Подобная ситуация была и с рождением старшего сына в Челябинске, но только совсем наоборот. Первенец родился после получения команды об убытия к новому месту службы. На мои просьбы и ходатайства моих начальников об отпуске для того, чтобы дождаться рождения сына и забрать из родильного дома получал отказ. Аргумент был один, приказано убыть срочно. В результате сын родился 22-го, а 29-го числа я был уже на новом месте службы. Очень обидно было, когда при прибытии узнал, что ни какой срочности не было. Но такова была воинская служба в то время.
Декабрь 1959 года
Канун Нового года, самого семейного и самого любимого праздника. На 30 декабря 1959 года экипаж Н. Турова получает срочное задание вылететь на базу падения головок (ОИС № 4,ст. Кзылджар) с посадкой на ОИС №3 г. Аральска. Нам было понятно, что ракета стоит на старте, подготовленная для испытательного пуска на заданную дальность. В то время при плановом ведении хозяйства все предприятия и структуры стремились выполнить план и доложить о его выполнении. Тем более о выполнении плана испытаний новейшей техники. Это не первый случай, когда пуск производился в последние дни года. Успокаивало немного то, испытателям нужны срочно результаты измерений, ради которых мы летим. Главный штаб полигона в этих случаях контролирует полёт и способствует успешному перелёту. Да и до наступления праздника еще есть два дня. Самолёт Ил-12, экипаж подготовлен к полётам и днём, и ночью при минимуме погоды. Поэтому не теряется надежда до наступления Нового года вернуться. Уходя из дома, семейство предупредил, что вероятность возвращения есть. Подготовку к Новому году продолжать.

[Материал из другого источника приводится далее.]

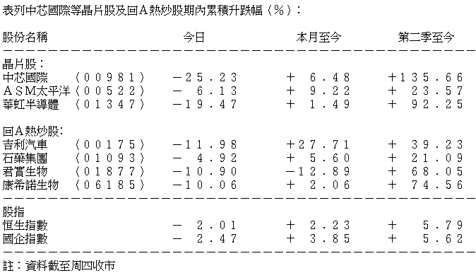 科技股地震兼回A炒作完 中芯H全日瀉兩成半

Вылетели с восходом Солнца прямым маршрутом на Актюбинск. Налетав 6 часов 22 минуты, посадку произвели в Джусалах в ночное время. Далее трассы нет, полёт возможен только днём и на следующий день вылетаем с восходом Солнца. Заявку на обратный перелёт дали двумя маршрутами и через Гурьев, и через Уральск. На базе произвели посадку через 3 ч. 41 мин. Для обратного вылета времени достаточно, но, как часто в таких случаях бывает, не готовы материалы измерений, ради которых мы срочно вылетали. Их из квадрата падения должен доставить самолёт Ан-2 Николая Сапая, который находится в готовности №1 в квадрате падения головки, находимся в готовности №1 и мы, но день уходит, а ночь приближается. Как будто бы кто усиленно гонит солнечный диск к земле. С каждой минутой тает надежда встретить праздник дома.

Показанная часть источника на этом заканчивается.